La incertidumbre ha sido desde los albores de la humanidad la sombra que se cierne sobre cada decisión, cada paso, cada aspiración. Es el abismo que separa el deseo de la realización. En su lucha por dominarla, el ser humano ha erigido templos, consultado oráculos, y más recientemente, construido sistemas financieros. Entre estos, el mercado de valores se erige como una de las más sofisticadas herramientas para domesticar la incertidumbre, para convertir el riesgo en oportunidad, y la duda en confianza colectiva.

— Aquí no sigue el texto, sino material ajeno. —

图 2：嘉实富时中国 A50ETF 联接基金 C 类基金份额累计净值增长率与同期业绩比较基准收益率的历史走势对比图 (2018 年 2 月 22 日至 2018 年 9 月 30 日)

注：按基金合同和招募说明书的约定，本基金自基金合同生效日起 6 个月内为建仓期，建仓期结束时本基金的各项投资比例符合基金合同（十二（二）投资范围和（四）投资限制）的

El mercado de valores (las bolsas, las acciones, las empresas que cotizan, y todo su ecosistema) no es simplemente un espacio donde se compran y venden acciones; es un mecanismo de distribución de riesgos, una arquitectura social que permite que la carga de la incertidumbre no recaiga sobre los hombros de unos pocos, sino que se diluya entre muchos. Es, en esencia, una manifestación de la solidaridad moderna, donde inversionistas y empresarios comparten el peso de lo desconocido, apostando juntos por un futuro que, aunque incierto, se vuelve más predecible gracias a la transparencia, la regulación y la participación colectiva. Todo lo contrario a lo que conocemos como capitalismo en México.

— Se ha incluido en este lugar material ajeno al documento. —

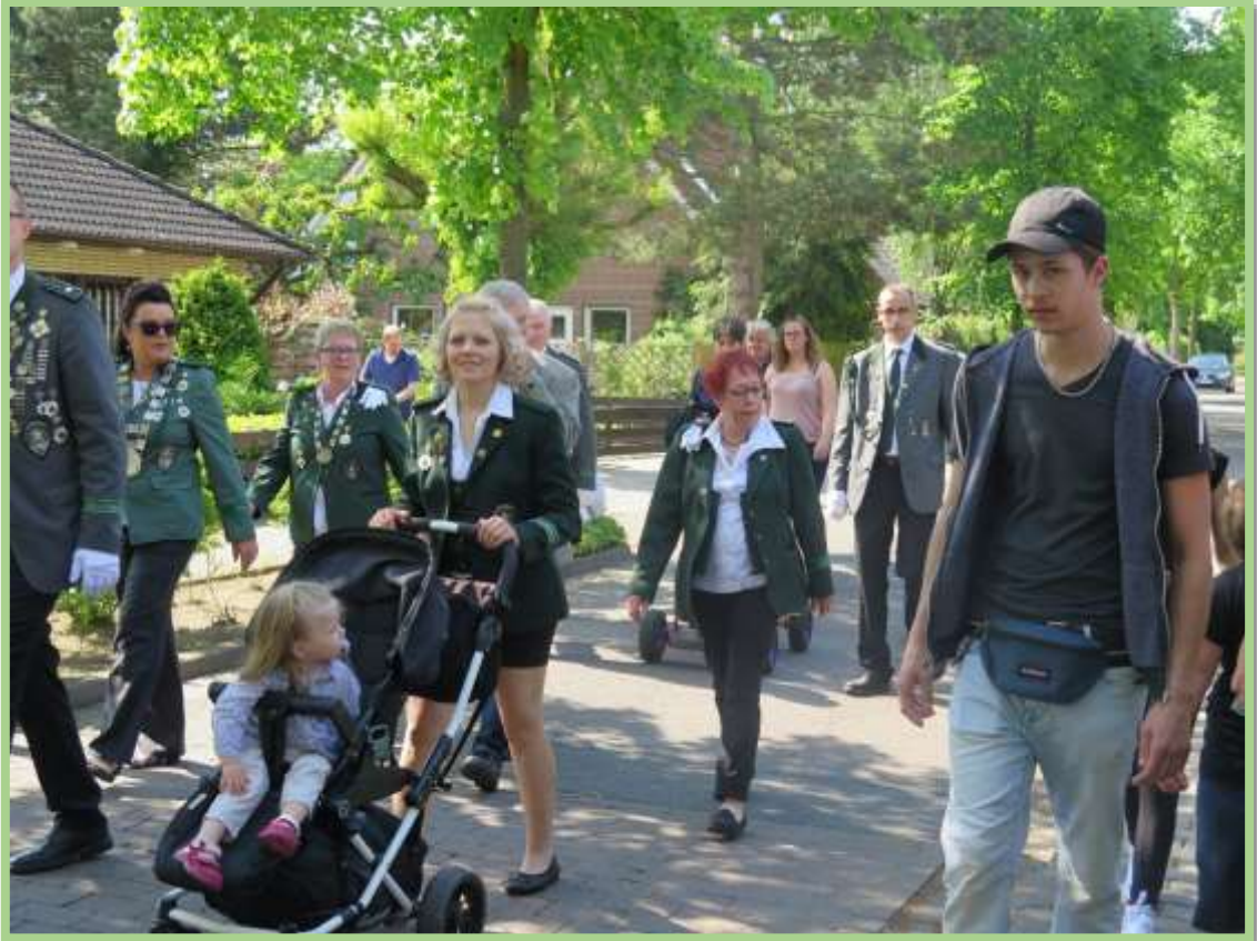
...in Richtung Ortsausgang zum Jungmannenkönig

En las economías donde el mercado de valores es robusto, las empresas encuentran en él una fuente de financiamiento que les permite innovar, crecer y competir. Los inversionistas, a su vez, acceden a oportunidades de crecimiento patrimonial, diversificando sus riesgos y participando activamente en el desarrollo económico. Es un círculo virtuoso donde la confianza se retroalimenta, y la incertidumbre se gestiona de manera eficiente.

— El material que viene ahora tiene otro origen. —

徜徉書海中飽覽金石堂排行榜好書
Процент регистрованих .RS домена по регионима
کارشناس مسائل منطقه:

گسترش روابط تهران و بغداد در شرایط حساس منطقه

Sin embargo, en México, este mecanismo ha sido históricamente subutilizado. A pesar de contar con una economía vibrante y un espíritu —algunos dicen emprendedor—, el país enfrenta un mercado de valores poco profundo.
Las reformas de años pasados a la ley de fondos de inversión y la de mercado de valores buscaban facilitar el proceso de emisión de valores. Sin embargo, nada ha cambiado. Según el Banco de México, esta limitación ha impedido que las empresas, especialmente las de menor tamaño, accedan a fuentes de financiamiento que les permitan expandirse y competir en igualdad de condiciones, eternizando los grandes monopolios que conocemos.
Esta situación no solo restringe el crecimiento empresarial, sino que también perpetúa la concentración del poder económico y limita la participación ciudadana en la creación y distribución de riqueza. La falta de un mercado de valores dinámico y accesible impide que la población en general se beneficie de los frutos del capitalismo, como la abundancia, la innovación y la competencia, pero más importantemente, el reparto de utilidades.
La ausencia de un mercado de valores inclusivo también exacerba la concentración de riqueza. Las empresas dependen en exceso de fuentes de financiamiento tradicionales, como los préstamos bancarios, que suelen ser más costosos y menos accesibles. O los familiares, lo que nos regresa a la concentración de riquezas.
Porque lo cierto es que mientras la incertidumbre reina en las mayorías, el porvenir pertenece a unos cuantos. Y México, arrinconado en su historia de privilegios heredados y oportunidades vedadas, sigue sin domesticar ese viejo fantasma. No por falta de talento ni de ingenio, sino por la ausencia de un escenario donde se repartan los riesgos, donde se capitalicen las ideas, donde el futuro sea una obra colectiva y no una profecía privada.
Hoy, según Banxico, apenas 139 empresas cotizan en la Bolsa Mexicana, frente a las más de dos mil que lo hacen en Brasil. Esa diferencia no es sólo numérica: es civilizatoria. Es la distancia entre una sociedad que confía en su porvenir y otra que aún lo teme. México, si quiere reconciliarse con los frutos del capitalismo, el único sistema financiero que ha repartido bienestar a la humanidad de manera masiva, a pesar de sus fallas, deberá primero construir el escenario donde estos frutos puedan repartirse. De lo contrario, seguiremos siendo una nación de potenciales sin destino, y de sueños hipotecados por la incertidumbre.